BRIEF: Your copy should start at the line with "这是我用另一组数据做的因子分" and end at the line with "Solved In coarticulation" in the data below. Transcribe only those lines, exactly, pictures excluded.

GIVEN DATA:
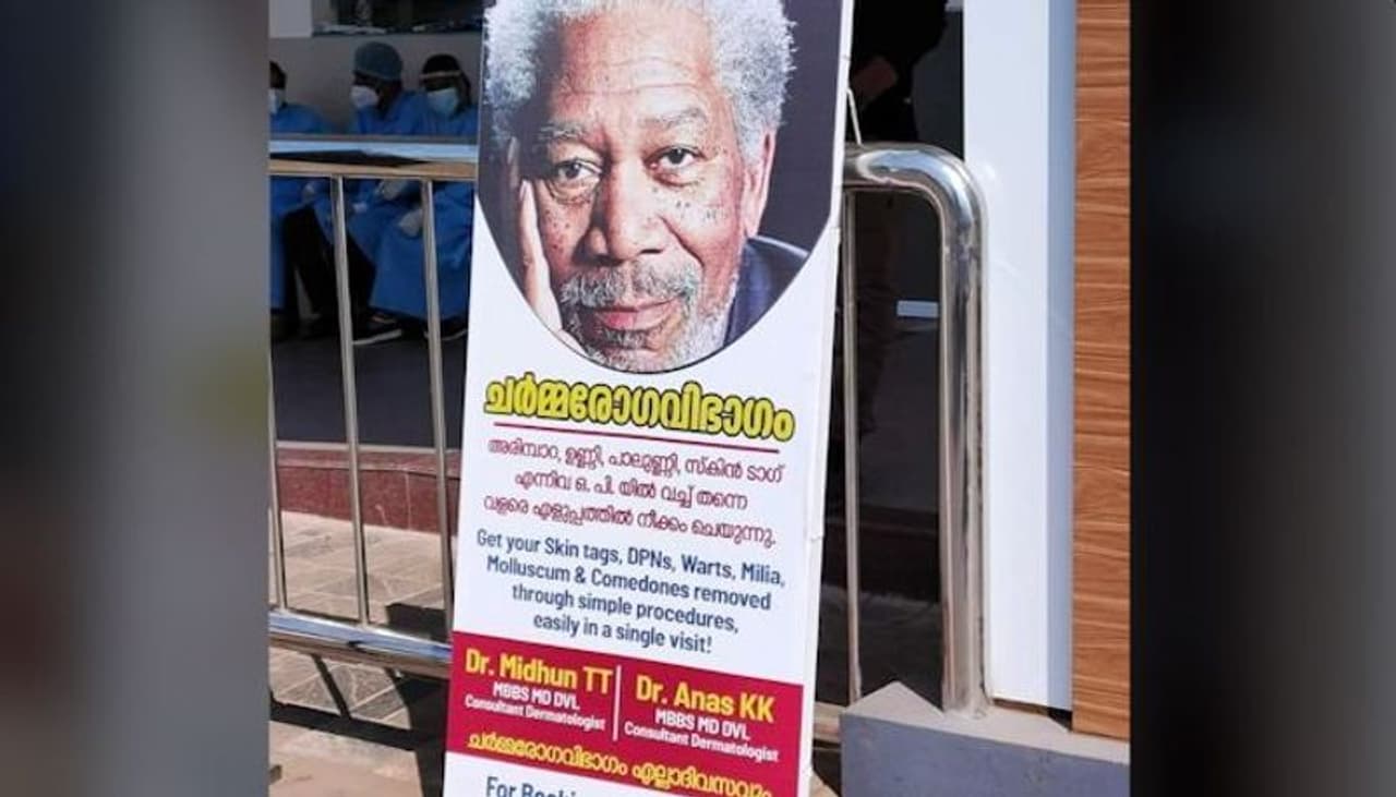 சருமப் பிரச்னைகளைத் தீர்ப்பதற்கான கேரள மருத்துவமனை விளம்பரப் பதாகையில் ஹாலிவுட் நடிகர் மார்கன் ஃப்ரீமேனின் படத்தை போட்டிருப்பது பெரும் சர்ச்சையை ஏற்படுத்தியுள்ளது.
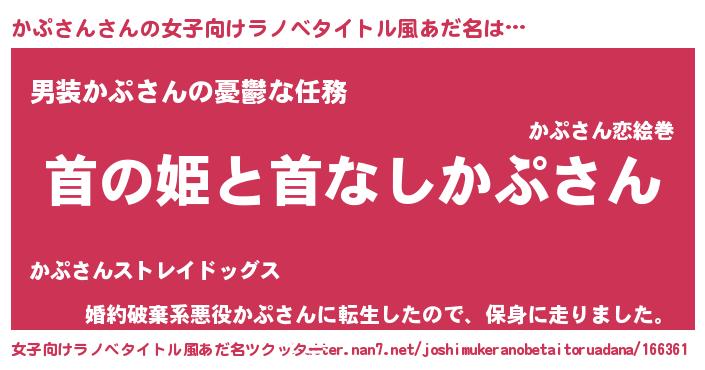 | 意味不明あだ名 | 『たけのこ科かぷさん属』『自称かぷさん』 |
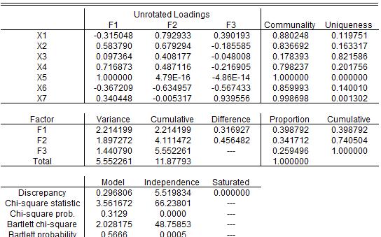 这是我用另一组数据做的因子分析结果:是不是那个cumulative指的就是累计方差贡献率啊,0.398792、0.740504、1,意思是不是因子F1的方差贡献率为0.398792,然后F1加F2的累计方差贡献率为0.740504,F1加F2加F3的累计方差贡献率为1?
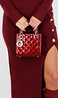 Deze rode handtas heeft een opvallend glanzend oppervlak met een doorgestikt ruitpatroon. De tas is compact uitgevoerd met afmetingen van circa 17 cm breed, 16 cm hoog en 8 cm diep, en heeft een gewicht van 0,6 kg. Aan de bovenzijde zijn twee stevige handvatten bevestigd met goudkleurige ringen. Voorop hangt een decoratieve gouden hanger, die de tas een luxe detail geeft. De tas heeft een gestructureerde, stevige vorm en is aan de onderzijde voorzien van kleine beschermdopjes. Dankzij het formaat is dit model ideaal voor het meenemen van de essentiële items.
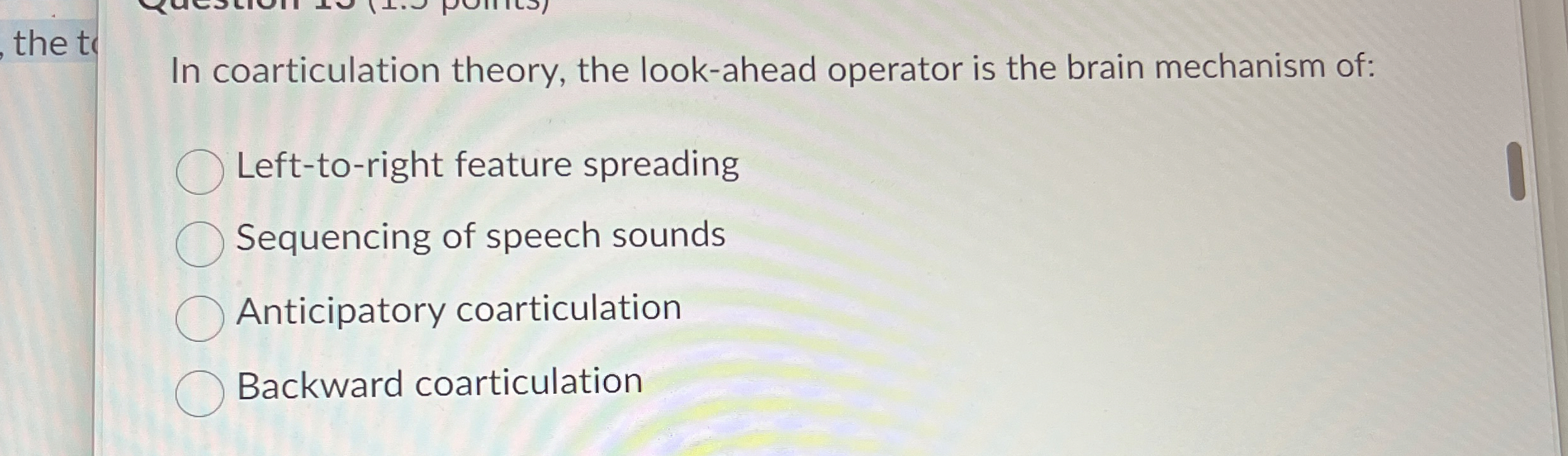 Solved In coarticulation theory, the look-ahead operator is | Chegg.com
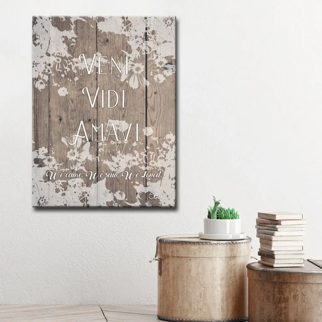 Be Inspired and Inspire with Olivia Rose ''Veni'' Inspirational Wall Art. A beautiful Latin expression to incorporate love and positivity into your space is written in this Textual Art Made in the USA by Ready2HangArt.Masterfully produced at R2H factory in Lake Worth, Florida on water resistant canvas enhanced with a matte UV-Resistant finish and skillfully wrapped on a wood frame finished with a rear saw-tooth hanger for simple install.Manufacturer: Ready2HangArtTitle: VeniBrand: Olivia RoseOrientation: PortraitShape: RectangleColors: Brown, Wood Grain, WhiteModel No. VMTQ032Sizes:1. 16 in. H x 12 in. W x 1.5 inches deep2. 20 in. H x 16 in. W x 1.5 inches deep3. 30 in. H x 20 in. W x 1.5 inches deep4. 40 in. H x 30 in. W x 1.5 inches deepReady2HangArt is an American small business, dedicated to enhancing Home Decor with innovative designs, and locally made products at a competitive value. Proudly Made in America,
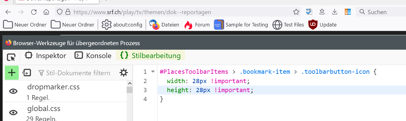 Größe der Symbole in der Lesezeichen-Sysmbolleiste
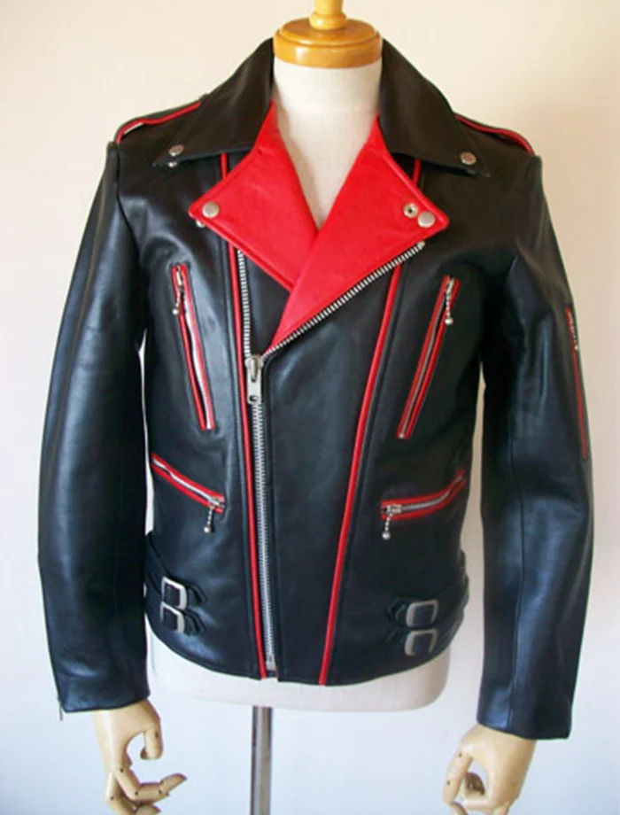 Classic Motorcycle Red And Black Leather Jacket
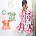 トップス レディース フリンジ付きタイダイポンチョチュニック メール便OK
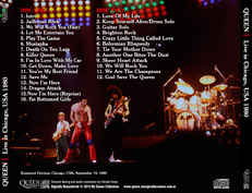 DISC 2: 1. Love Of My Life 2. Keep Yourself Alive/Drum Solo 3. Guitar Solo 4. Brighton Rock 5. Crazy Little Thing Called Love 6. Bohemian Rhapsody 7. Tie Your Mother Down 8. Another One Bites The Dust 9. Sheer Heart Attack 10. We Will Rock You 11. We Are The Champions 12. God Save The Queen

REPLY TO THE TASK:
 这是我用另一组数据做的因子分析结果:是不是那个cumulative指的就是累计方差贡献率啊,0.398792、0.740504、1,意思是不是因子F1的方差贡献率为0.398792,然后F1加F2的累计方差贡献率为0.740504,F1加F2加F3的累计方差贡献率为1?
 Deze rode handtas heeft een opvallend glanzend oppervlak met een doorgestikt ruitpatroon. De tas is compact uitgevoerd met afmetingen van circa 17 cm breed, 16 cm hoog en 8 cm diep, en heeft een gewicht van 0,6 kg. Aan de bovenzijde zijn twee stevige handvatten bevestigd met goudkleurige ringen. Voorop hangt een decoratieve gouden hanger, die de tas een luxe detail geeft. De tas heeft een gestructureerde, stevige vorm en is aan de onderzijde voorzien van kleine beschermdopjes. Dankzij het formaat is dit model ideaal voor het meenemen van de essentiële items.
 Solved In coarticulation theory, the look-ahead operator is | Chegg.com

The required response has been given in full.